Take the velocity $dx/dt$. Leibniz would have described it as the ratio of two infinitesimals. (Nonstandard analysis shows that this idea can be made rigorous, but in any case limits didn't exist in Leibniz's time.) The numerator is an infinitesimal number with units of meters. The denominator is an infinitesimal with units of seconds. You divide them, and it gives m/s.

In the acceleration, $d^2x/dt^2$, the numerator is written to suggest something with units of meters, and the denominator to suggest units of seconds squared, giving the correct units of m/s$^2$.

Answer 5

Glossing over a few issues for clarity,

If I wanted you to differentiate, say $3x^4$ twice, I could ask the question in a variety of ways such as,

1) Find the second derivative of $3x^4$

2) If $f(x)=3x^4$, find $f''(x)$

3) If $y=3x^4$ find $\frac{d^2y}{dx^2}$

The latter is an accepted lazy corruption of the more technically correct,

Find, $$ \big(\frac{d}{dx}\big)^2 y$$ or find $$ \big(\frac{d}{dx}\big)^2 (3x^4)$$ So, essentially, you have spotted that mathematicians are quite lazy, when they can get away with it !

Although we write $\frac{d}{dx}$ this isn't a fraction in the sense that $\frac{2}{5}$ is. Perhaps best to park that thought for now, although maybe 'expanding the brackets' of $\big(\frac{d}{dx}\big)^2$ as $\frac{d^2}{dx^2}$ rather than $\frac{d^2}{(dx)^2}$ is a reminder of that.

All of this does makes it harder for beginners to make sense of the notation. There are many, many more examples I could give of such 'lazy corruption'. I think of it as being like learning any foreign language, where there are always all sorts of quirks and customs that break a general rule.

Once you understand the 'lazy corruption' in the context of its surroundings, the meaning is, more often than not, actually, perfectly clear.

This answer was given when this question was asked again, in March 2019 here : Why $x^2$ in $\frac{d^2y}{dx^2}$?

Answer 6

Leibniz notation is probably the most common notation for the derivative, but it is just a notation: there is no objective derivation for the notation itself, and alternatives exist such as Euler notation ($D_x^2 y$).
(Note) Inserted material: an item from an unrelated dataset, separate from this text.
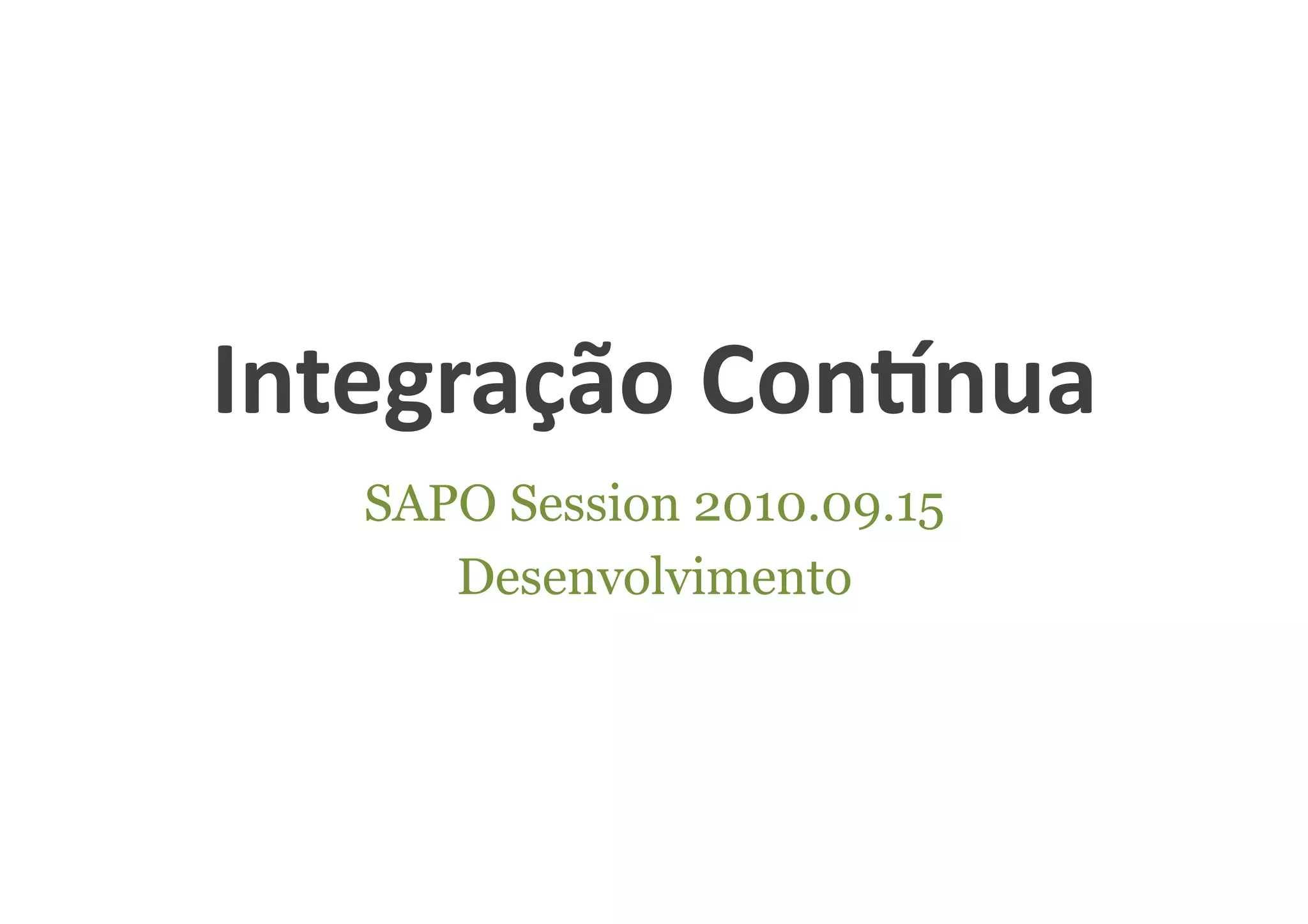 O documento discute a integração contínua e as ferramentas para implementá-la. Resume que a integração contínua automatiza o processo de desenvolvimento através de commits frequentes, builds e testes automatizados para reduzir riscos e aumentar a qualidade do código.

In fact, if we wanted to derive the Leibniz notation for the second derivative in a more systematic way, we could use the quotient rule on the first derivative:

$$ \frac{\mathrm d\left( \frac{\mathrm d y}{\mathrm d x} \right)}{\mathrm d x} = \frac{ \frac{\mathrm d^2 y}{\mathrm d x} - \frac{\mathrm d y}{\mathrm d x} \frac{\mathrm d^2 x}{\mathrm d x} }{\mathrm d x} = \frac{\mathrm d^2 y}{\mathrm d x^2} - \frac{\mathrm d y}{\mathrm d x}\frac{\mathrm d^2 x}{\mathrm d x^2} $$

Now we have a notation that we can algebraically manipulate to derive identities to, e.g., swap dependent and independent variable:

$$ - D_x^2 y \left( \frac 1 {D_xy} \right)^3 = D_y^2x $$

Using a system where differentials are algebraically manipulable highlights the importance of the distinction between $\mathrm d^2 x = \mathrm d(\mathrm d(x))$ and $\mathrm d x^2 = (\mathrm d(x))^2$. To see this hands-on, attempt to prove (4) via algebraic manipulation.

It's much harder to understand intuitively what $\mathrm d^2 t/\mathrm d t^2$ means in this new system but, crucially, it's not the derivative of $\mathrm d t / \mathrm d t$.